TASK OBJECTIVE » Omit all images, then repeat exactly the lines below from the one containing "Heuschrecke - Stockfoto" through the one containing "- Tiled dining", both ends included.

RECORDED INFORMATION »
▽
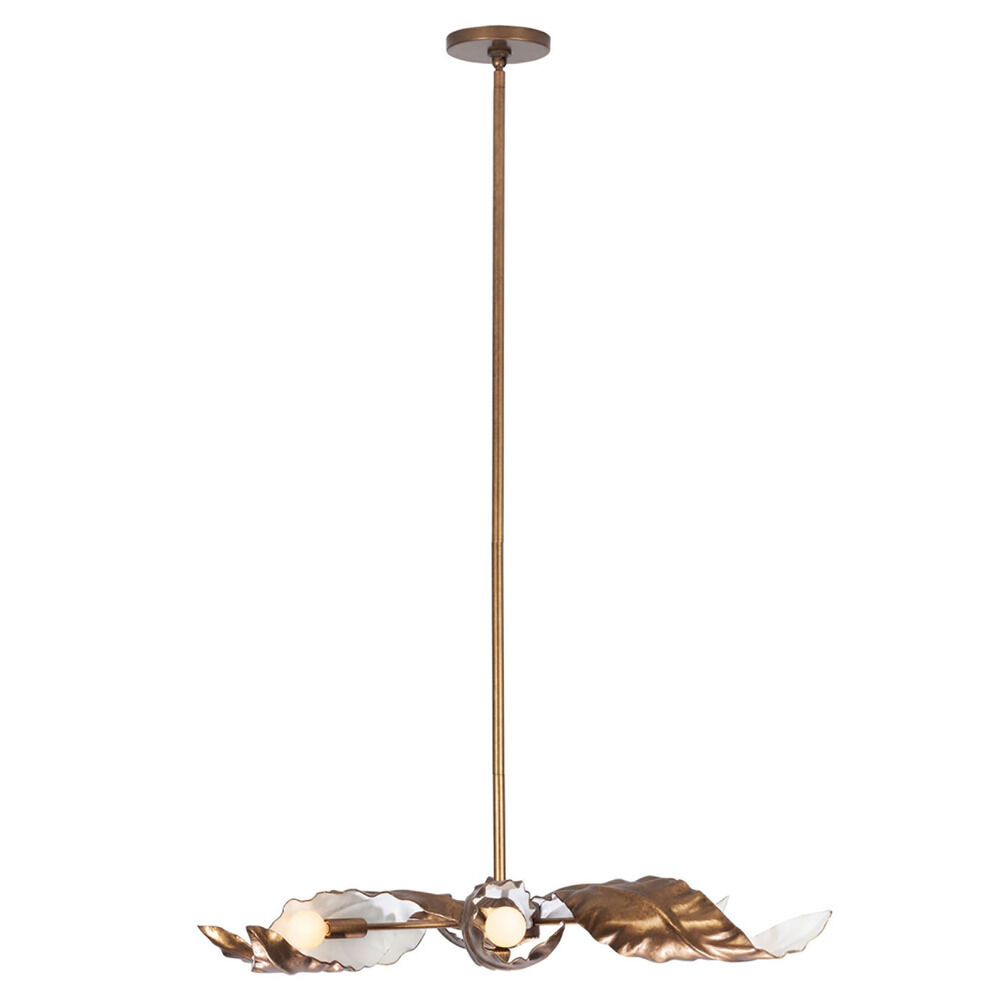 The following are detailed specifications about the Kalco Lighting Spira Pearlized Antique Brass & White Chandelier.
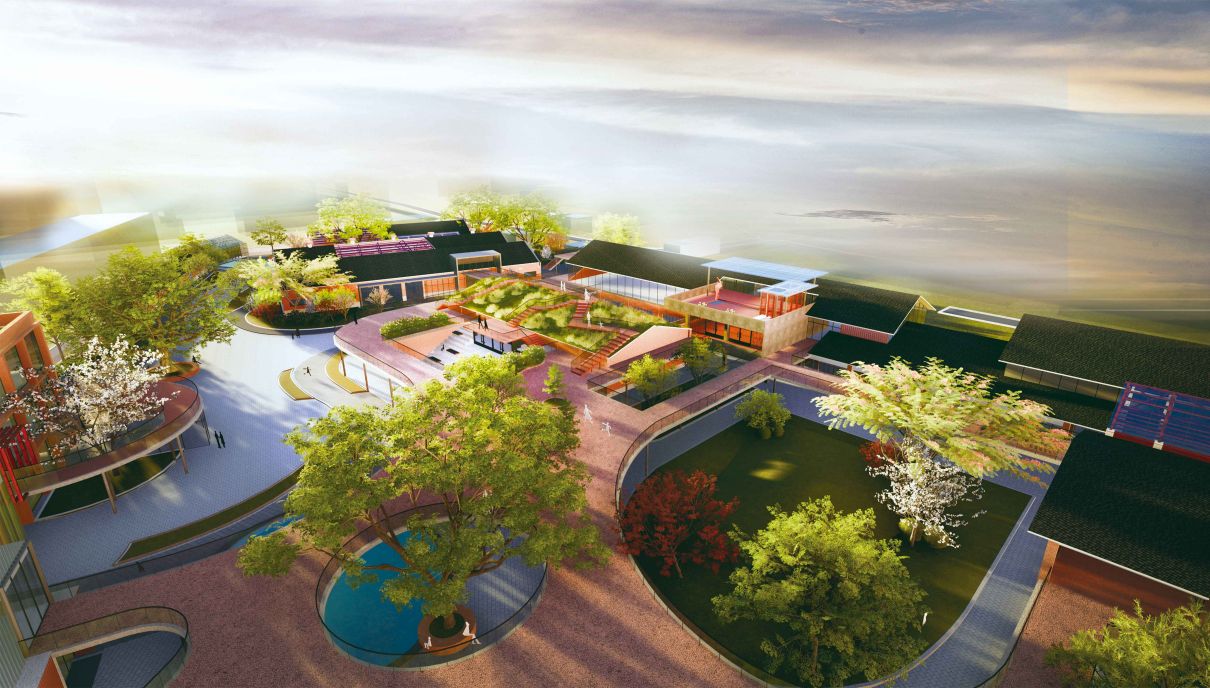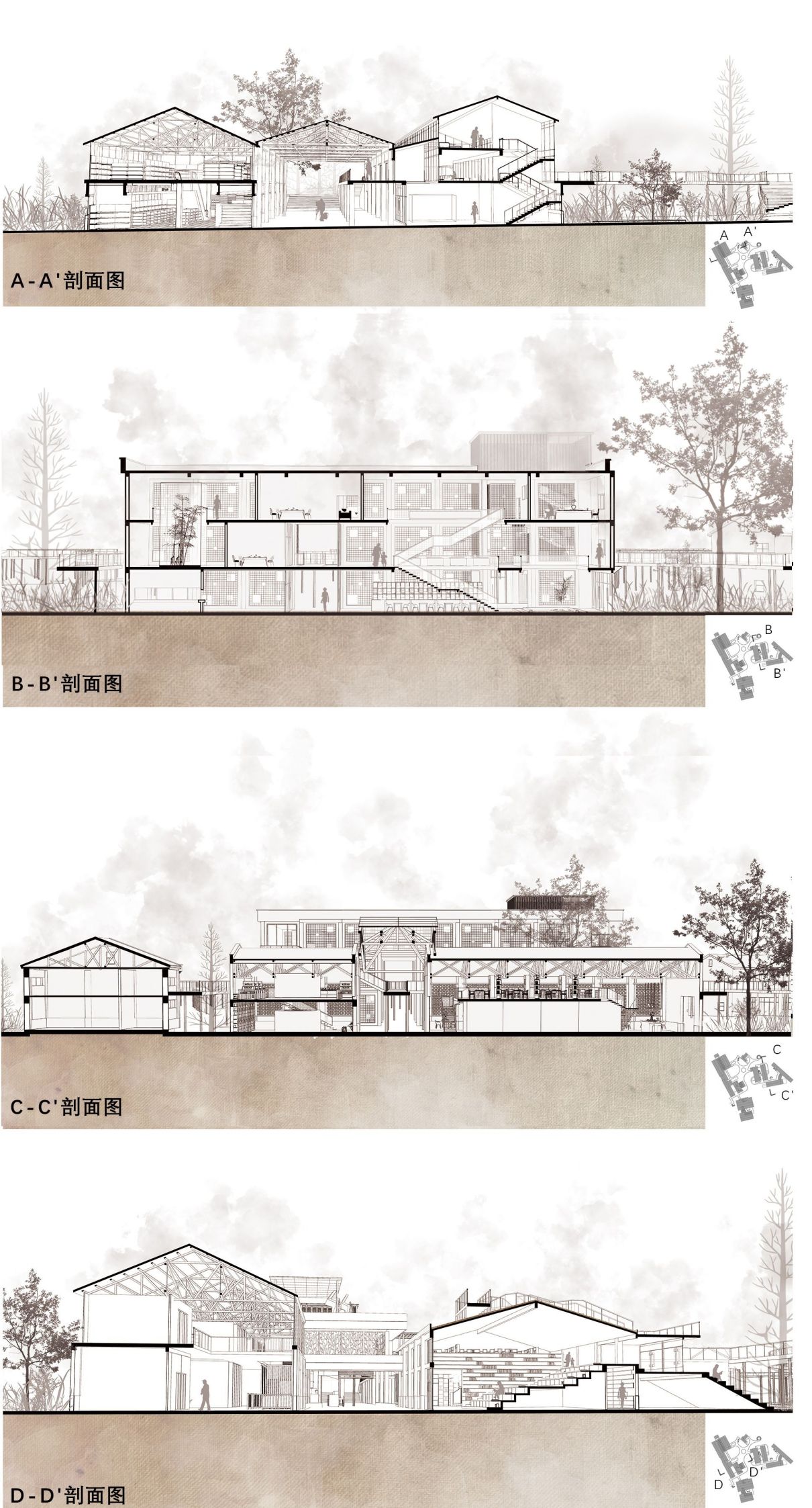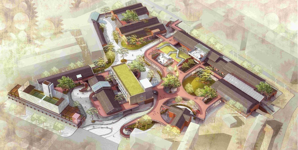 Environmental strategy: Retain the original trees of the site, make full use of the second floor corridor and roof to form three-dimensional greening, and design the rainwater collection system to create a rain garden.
△
▽
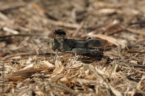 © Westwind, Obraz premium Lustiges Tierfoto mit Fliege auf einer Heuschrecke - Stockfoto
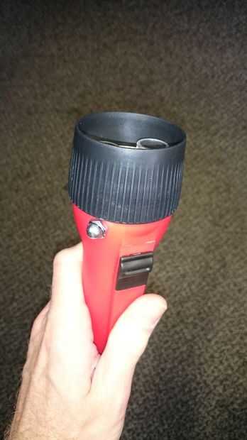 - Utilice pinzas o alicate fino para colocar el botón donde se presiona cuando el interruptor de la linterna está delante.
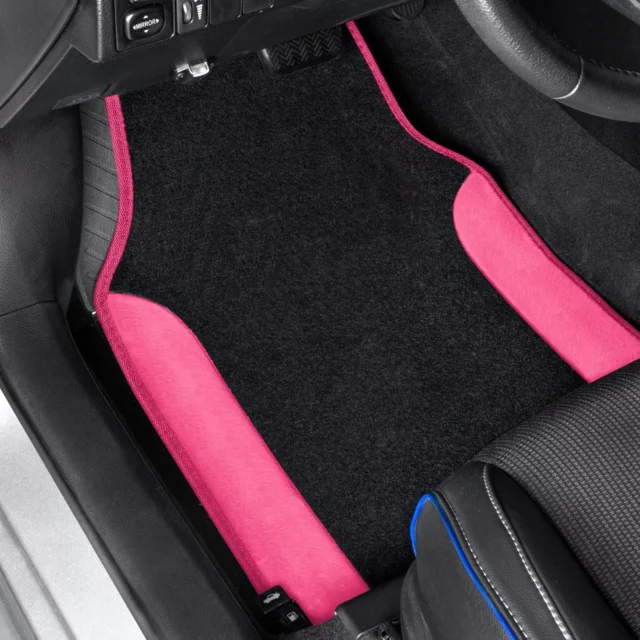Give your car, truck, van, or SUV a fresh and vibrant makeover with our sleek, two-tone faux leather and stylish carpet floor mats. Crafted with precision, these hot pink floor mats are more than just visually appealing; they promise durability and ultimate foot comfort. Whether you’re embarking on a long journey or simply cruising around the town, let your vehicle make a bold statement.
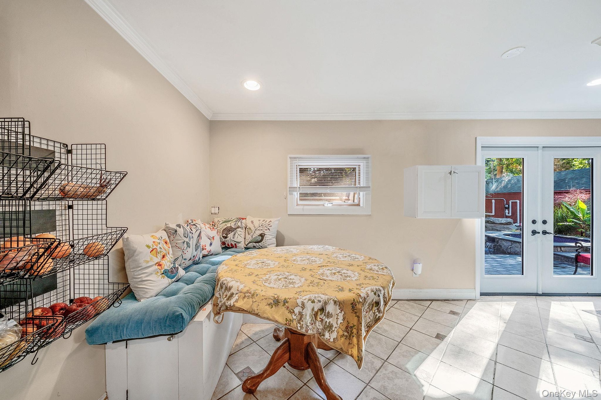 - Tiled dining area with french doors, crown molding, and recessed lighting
△
YOUR RESPONSE »
 © Westwind, Obraz premium Lustiges Tierfoto mit Fliege auf einer Heuschrecke - Stockfoto
 - Utilice pinzas o alicate fino para colocar el botón donde se presiona cuando el interruptor de la linterna está delante.
Give your car, truck, van, or SUV a fresh and vibrant makeover with our sleek, two-tone faux leather and stylish carpet floor mats. Crafted with precision, these hot pink floor mats are more than just visually appealing; they promise durability and ultimate foot comfort. Whether you’re embarking on a long journey or simply cruising around the town, let your vehicle make a bold statement.
 - Tiled dining area with french doors, crown molding, and recessed lighting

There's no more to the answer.